La Loire entre parenthèses

par C’est Nabum
mardi 12 septembre 2023

 

L'escale de la réflexion.

 

L'escale de Tours constituait le point d'orgue de la Grande Remontée dans ses dimensions revendicatives, explicatives et démonstratives. Scientifiques, universitaires, militants avaient là une tribune qu'ils devaient saisir pour faire avancer la cause de la rivière, son « éventuel statut juridique tout en mettant en lumière les agressions dont elle est victime.

Deux jours à Tours, cette belle et noble cité qui vit jadis la Grande Orfèvrerie de Jacques Cœur ouvrir le bal du commerce international naissant, des châteaux princiers et d'un nouveau modèle de développement autour de la Loire. On peut de manière certaine affirmer que son changement de nature provient de ce grand virage qui s'amorce à cette occasion au début du XVI° siècle.

Plus rien ne sera pareil pour celle qui fut encore sauvage avant que l'on embastille derrière des levées qui modifiaient radicalement le rapport des riverains aux crues, aux variations habituelles ou exceptionnelles de son cours. Les ligériens abandonnaient alors une économie proche de celle du Nil pour basculer dans l'inconnu.

Les conséquences furent multiples, les catastrophes nombreuses, les transformations importantes. Je laisse le soin à nos doctes militants de la cause de la Loire se charger d'expliquer cela bien mieux que je puis le faire par le truchement de contes et de fariboles. Les bouleversements que nous déplorons aujourd'hui s'inscrivent dans ce qui était mis en œuvre à l'époque.

Le commerce triangulaire, la puissance des marchands, l'aménagement des rives puis des quais, l'éruption de demeures royales et princières, la monoculture en ce Val Opulent, l'industrialisation de nos grandes villes et d'autres phénomènes encore ont pris leur essor à partir d'un changement de paradigme qui mérite d'être expliqué par nos experts.

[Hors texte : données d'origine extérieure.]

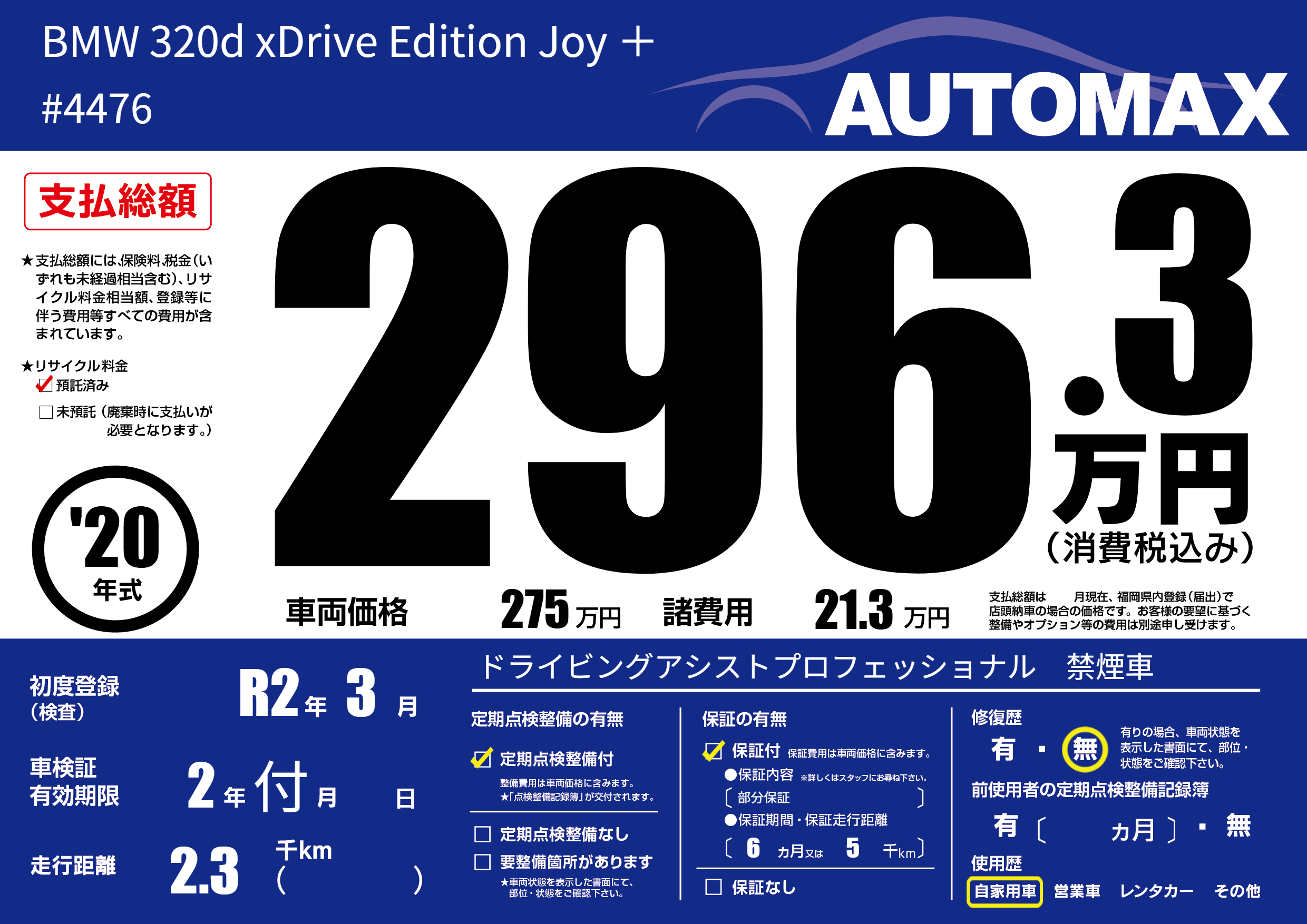 | 車名 | BMW 320d xDrive Edition Joy + | グレード ミッション 排気量 |

L'histoire de la Loire marchande a connu son apogée avant que le chemin de fer ne vienne mettre à mort ce qui était alors le poumon économique du royaume. La lente agonie de la rivière était sur les rails tandis qu'un temps, la vapeur a laissé croire à un renouveau illusoire. La Loire a cessé d'être un pôle d'attraction et d'intérêt, elle a même traversé un long désamour après des catastrophes humaines qui ont terni durablement sa réputation.

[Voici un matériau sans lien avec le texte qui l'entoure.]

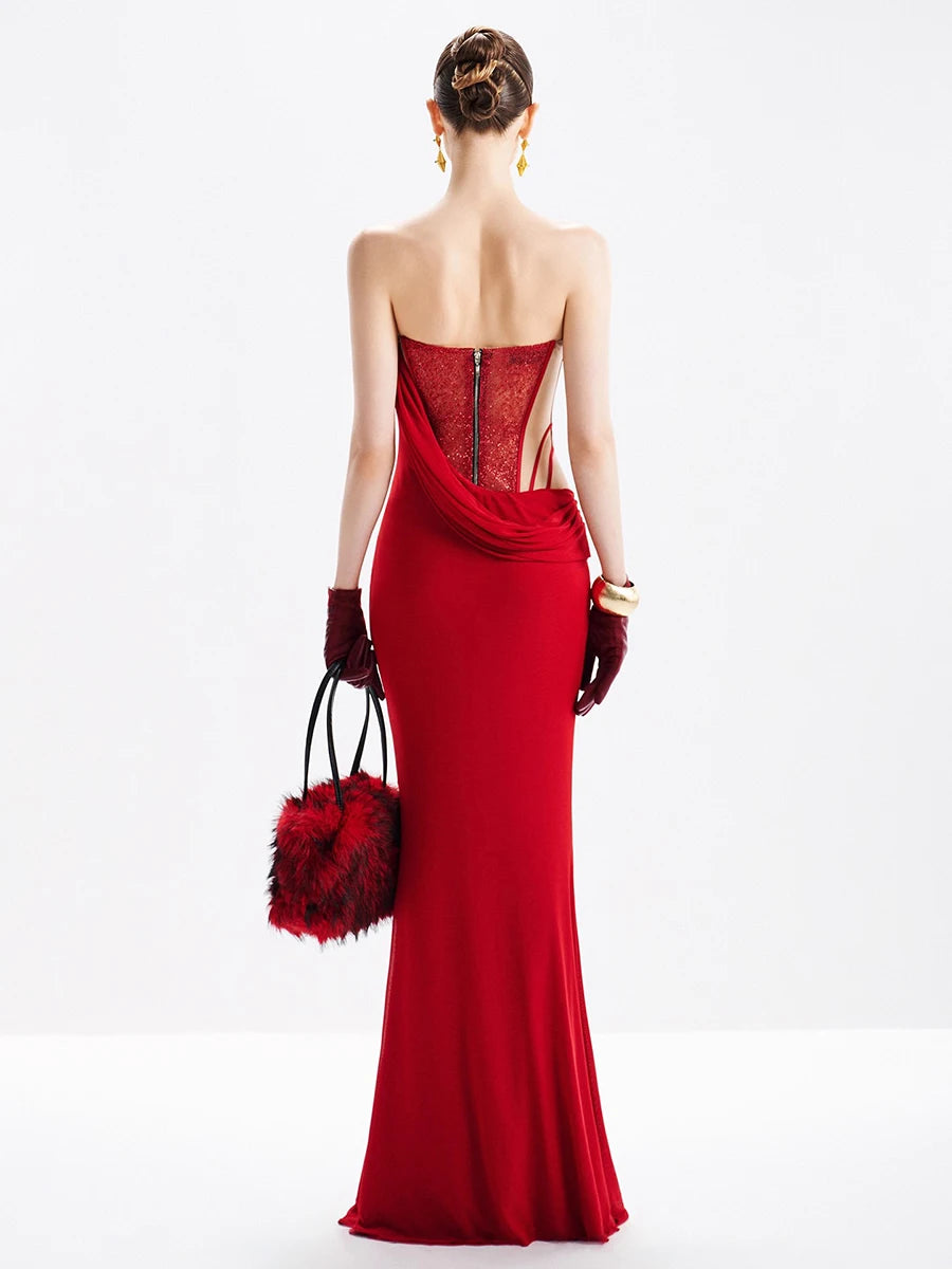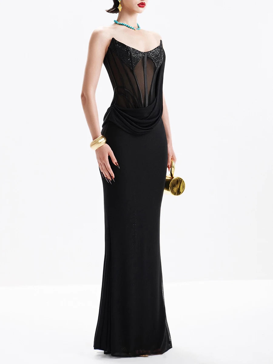 Command attention in the Trend4us Luxe Draped Corset Cutout Evening Gown, a masterpiece of seductive elegance and couture craftsmanship. This gown features a sculpting corset bodice with sheer mesh paneling and sparkling embellishments, offering a striking hourglass effect. The asymmetric draped overlay creates fluid movement and adds a touch of high-fashion drama. Finished with a sleek floor-length silhouette and a daring open back, it’s the perfect look for gala nights, luxury soirées, holiday celebrations, and red-carpet entrances.

Si le canotage, la pêche, les activités de loisirs comme les guinguettes ont un temps maintenu les riverains près de l'eau, la seconde guerre mondiale avait sonné le glas de cette reconversion. Il est vrai que les villes riveraines furent pour celles qui avaient des ponts, victimes de bombardements qui laissèrent des plaies ouvertes.

Le renouveau est passé par l'appropriation du glorieux passé de la marine de Loire par quelques pionniers qui ont suscité l'intérêt des institutionnels. Des structures se sont mises en place tout comme un Festival de Loire qui n'est pas sans conséquence dans ce mouvement même si des défricheurs de la mémoire du fleuve avaient depuis longtemps effectué des travaux mémoriels.

La Loire à vélo fut certainement le coup d'accélérateur d'une adhésion massive au retour vers la rivière. Un retour qui n'est sans doute pas celui que les véritables amoureux de la Loire espéraient. Les cyclistes ne font que passer, les guinguettes font plus de bruit que la promotion du Fleuve et pour beaucoup, la dame Liger est d'abord une source de profits.

L'étape de Tours était ainsi une belle occasion de rappeler que tout ce que le tourisme met en place n'a de sens que si la Nature n'est pas la grande perdante de ce formidable regain d'intérêt. Si le cours d'eau, sa faune, sa flore ne sont pas au chœur de ce renouveau ligérien, il est fort à parier que la suite ne sera qu'un inexorable déclin dans un décor qui n'aura pas été respecté. Ne nous trompons pas de priorité.